While Walt and his team investigate a murder, Henry picks up where Hector left off.
We're taking an episode-by-episode look at Season 4 of “Longmire,” which currently is available for streaming on Netflix. Be forewarned: There will be spoilers a-plenty in each of these overviews.
THE PLOT: Walt, Vic and Ferg are on the case when a man is found dead under mysterious circumstances at War Eagle, a long-shuttered installation that the federal government operated an internment camp for Japanese-Americans during World War II. The deceased, Thorvin Hampton, had been trying to restore the camp as a historical site, but faced antagonism from locals who didn’t care to be remembered about that shameful chapter in U.S. history.
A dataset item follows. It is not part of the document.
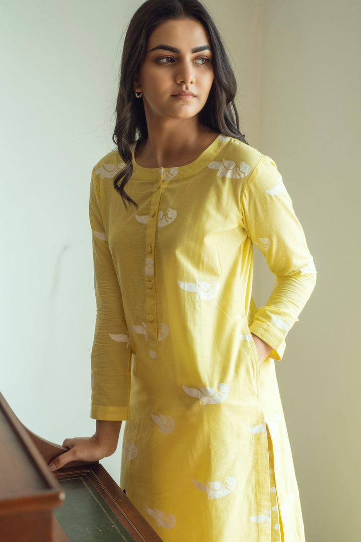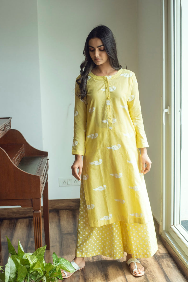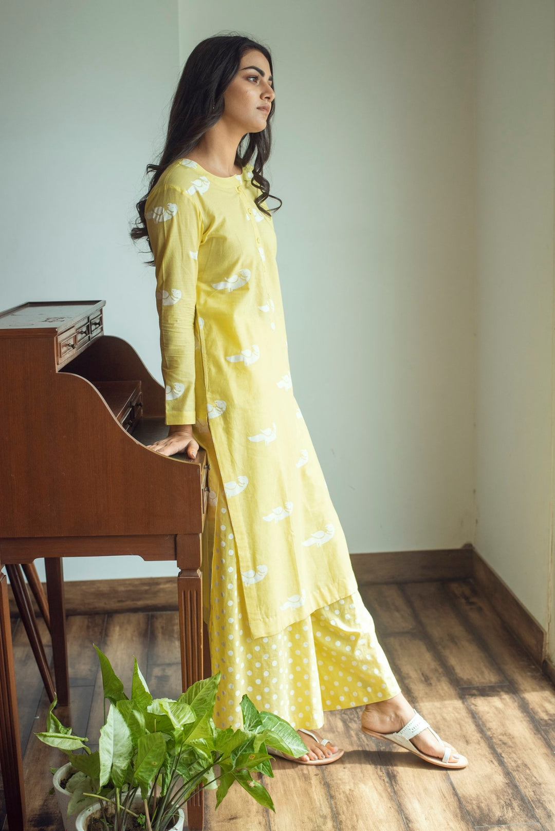 This is a set of 2 which includes Block printed kurta and block printed palazzo. Kurta has pockets.

Cause of the death? Hampton evidently had been forced into a locked room at the camp’s main office, and died as a result of exposure during a long, cold night.
In the course of their investigation, Walt and his team discover that Hampton’s father had been a guard at War Eagle in the 1940s, and fathered a child with one of the female prisoners. Hampton attempted to reach out to his half-brother, Francis Igawa, who still lives in the area. The bad news: Igawa is senile, given to fits of rage, and totally incapable of either forging new family ties or helping with the War Eagle restoration project. The worse news: Shiori, Igawa’s daughter, was enraged by Hampton’s intrusion into her father’s life — she saw him not as a blood relation seeking reconciliation, but rather as a guilty white dude desperate to make amends for the sins of his father.
Walt deduces that Shiori was the one who locked Hampton in the room and left him to die. She doesn’t deny it — indeed, she actually sounds proud as she notes that Hampton got a taste of the unjust incarceration endured by her father, and thousands of other Japanese-Americans, during World War II.
TAKEAWAY NO. 1: Walt doesn’t let the Hampton case — or anything else, for that matter — keep him away very long from his dogged inquiry into Branch’s demise. He takes a soil sample near where his late deputy’s body was found, and asks Henry to bring it in for testing at Wyoming State University. (If the dirt at the scene doesn’t match the dirt in the shell casing – then, obviously, Branch not only didn’t commit suicide, he was killed somewhere else and then dumped into the river.) In order to operate according to standard police procedure, Walt temporarily deputizes Henry – after all, he is handling evidence in a possible murder case – and this gives Lou Diamond Phillips some welcome opportunities to convey Henry’s dry wit and bemusement, especially when he calls in to police headquarters: “Hello, Ruby. This is Deputy Standing Bear.” The expression on his face suggests he is working extra hard not to laugh out loud.
TAKEAWAY NO. 2: On the other hand, Phillips has little reason to crack a smile as Henry take his first tentative steps toward assuming the mantle of Hector, the hulking avenger who now resides in The Happy Hunting Ground. Despite Hector’s demise, people in the Native American community continue to leave notes requesting his assistance. Henry is especially moved by a letter from a single mother who describes being repeatedly robbed by a cocky thug. So he leaves a wad of cash on her doorstep, in an envelope on which he scrawls “Hector Lives.” Henry leaves the same message on the mirror of a bathroom at the Red Pony where, under cover of darkness, he silently terrorizes the thug who’s been making such a nuisance of himself. It’s hard to shake the suspicion that, if Henry goes much further down this road, he’s going to start expressing his disapproval in an appreciably more violent fashion.
TAKEAWAY NO. 3: Robert Taylor and Katee Sackhoff are doing their usual terrific job of expressing just enough, and never pushing too hard, while deftly balancing the professional and personal concerns of Walt and Vic. When he notices tell-tale signs of her continued stress after the hostage situation in Season 3, Walt coaxes her into opening up about her anxieties. Vic is at once annoyed and amused — she knows how tight a rein Walt keeps on his own feelings — and insists that, really, nothing’s wrong, everything’s fine. To which Walt pointedly replies: “Yeah, I remember Branch saying something like that.” On the other hand, it should be noted that, even if she’s having a hard time coping with inner demons, Vic remains quite capable of doing first-rate police work: She consults the federal fingerprints data base, and finds that Jacob Nighthorse — whom Walt thinks is behind his wife’s death, Branch’s death, and God only knows what else — actually is a guy named Jacob Harold Blankenship, who used to hang with the radical American Indian Movement. This doubtless is merely the first of many skeletons Vic and Walt will find as they keep digging through Jacob’s closet.